Гумилева обвиняли по статьям 58–10 (контрреволюционная пропаганда и агитация) и 58–11 (организационная контрреволюционная деятельность). Но расколоть его сразу не удалось. Первый допрос следователь Филимонов провел сразу после ареста, но Гумилев ни в чем не признался, психологические методы уже не действовали на него: опыт 1935-го не прошел даром. Тогда 2 апреля 1939 года Гумилева передали в руки сержанта Бархударьяна, оперуполномоченного 8-го отделения 4-го отдела Управления НКВД по Ленинградской области.
Михаил Петрович Фриновский, первый заместитель наркома Ежова, непосредственно руководивший операцией «по репрессированию бывших кулаков, уголовников и других антисоветских элементов», уже после своего ареста пояснял, что террор создал особый тип «следователя-колольщика». Такой следователь мог обойтись вовсе без агентурных данных.
Айрат Карпович Бархударьян, самый страшный следователь в жизни Гумилева, как раз и был таким «колольщиком». В его задачу входило выбить из Гумилева показания. Сержант выбивал их почти три месяца.
Лев Николаевич вспоминал, что Бархударьян «бил краем ладони по шейным нервным окончаниям. Он, видимо, знал, что именно в этой области расположен нерв френикус, напрямую связанный с деятельностью полушарий головного мозга». Кроме того, Бархударьян бил «палкой по… сонной артерии». В конце концов 21 июня 1939 года Гумилев под пыткой подписал протокол, составленный, очевидно, самим Бархударьяном.
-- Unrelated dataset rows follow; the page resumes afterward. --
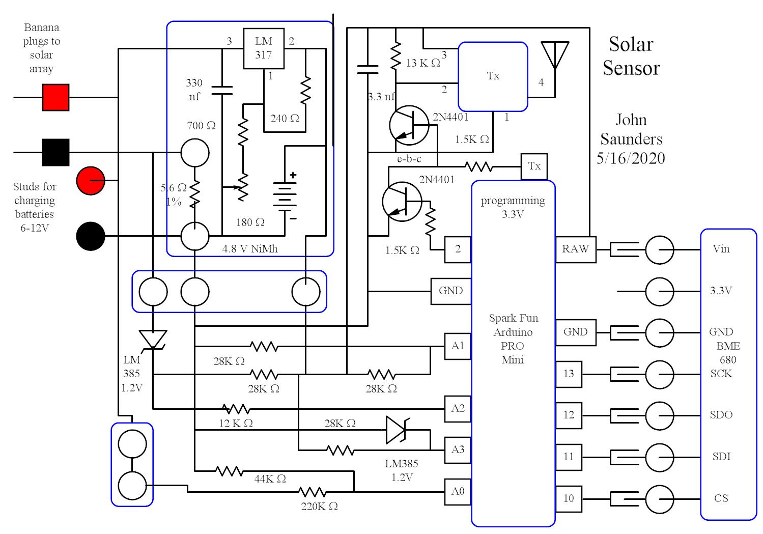 Here are the circuit diagrams. The battery voltage of 4.8V is reduced to regulated 3.3V by sepatate regulators in the sensor and the procesor. The transmitter uses the battery voltage directly.
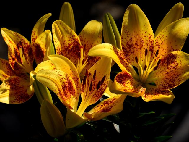 Wallpaper Yellow beautiful tiger lilies on a flower bed closeup
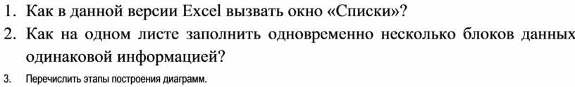 1. В любой строке или столбце таблицы Ехсеl вести последовательно названия объектов списка.
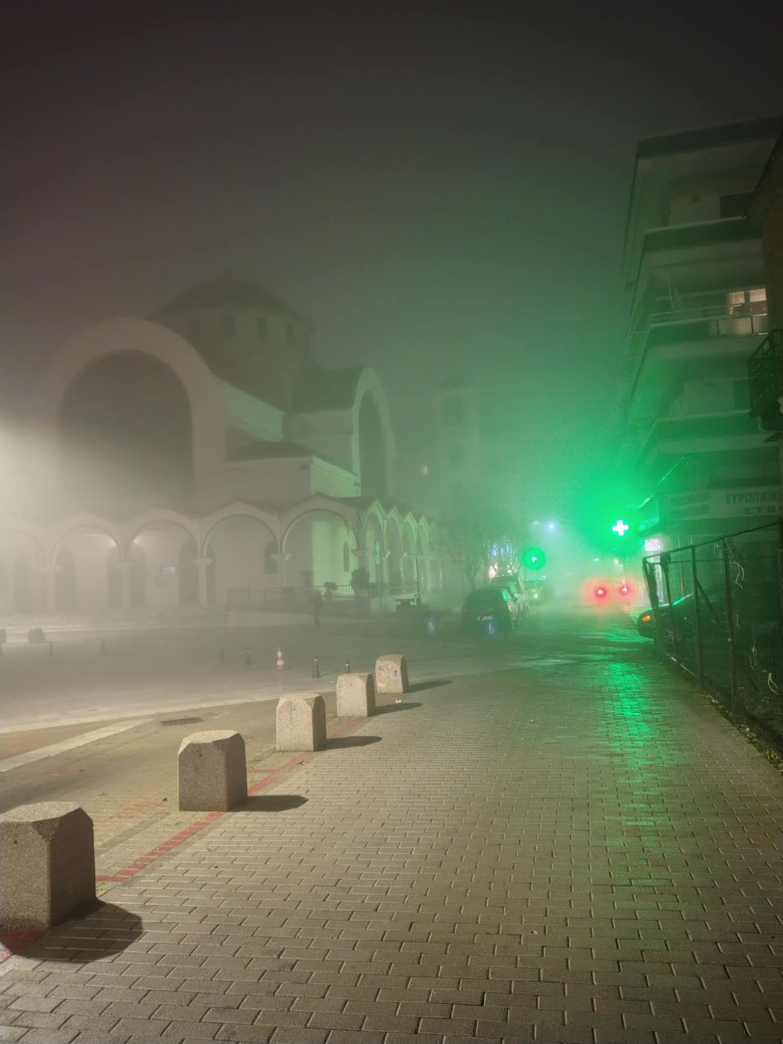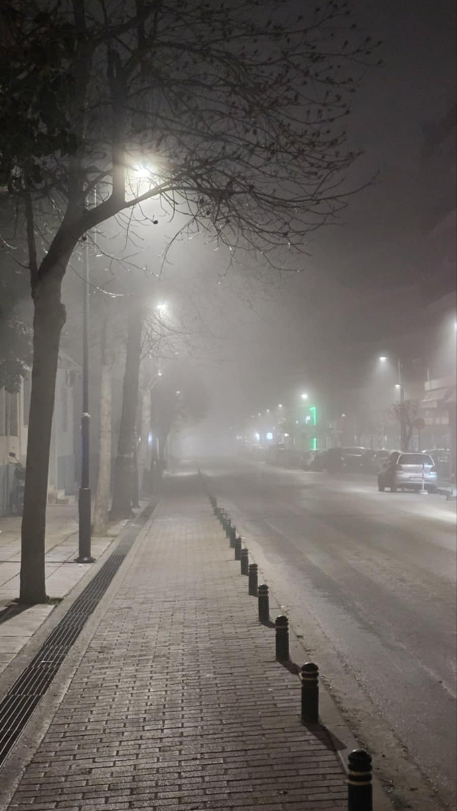 Εντυπωσιακό πέπλο ομίχλης κάλυψε το βράδυ την πόλη της Καρδίτσας.
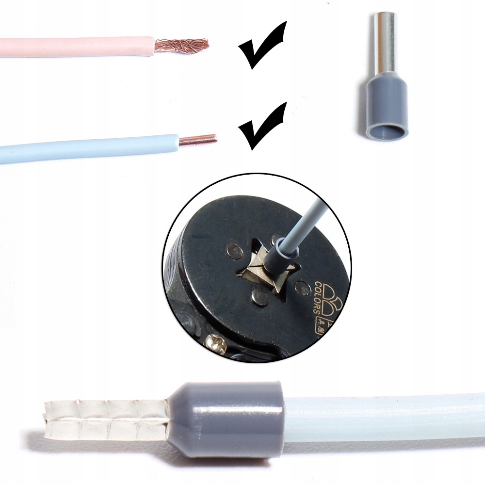 Правильно обжатые наконечники даже после повторной сборки в клемме, установленной с соответствующим контактом.

Там было признание во всём: в руководстве антисоветской молодежной организацией, в контрреволюционной агитации (чтение стихотворения Мандельштама о «кремлевском горце»), в подготовке покушения на товарища Жданова. Здесь же Гумилева заставили дать показания и на мать: «Я всегда воспитывался в духе ненависти к ВКП(б) и Советскому правительству. <…> Этот озлобленный контрреволюционный дух всегда поддерживала моя мать – Ахматова Анна Андреевна, которая своим антисоветским поведением еще больше воспитывала и направляла меня на путь контрреволюции. <…> Ахматова неоднократно мне говорила, что, если я хочу быть до конца ее сыном, я должен быть сыном моего отца Гумилева Николая. <…> Этим она хотела сказать, чтобы я все свои действия направлял на борьбу против ВКП(б) и Советского правительства». Затем последовало несколько очных ставок, в том числе и с Орестом Высотским, которого арестовали в апреле 1938-го.
В конце августа сознавшихся студентов перевели в знаменитую тюрьму «Кресты», где они в ночь с 26 на 27 сентября 1938 года оказались в одной камере.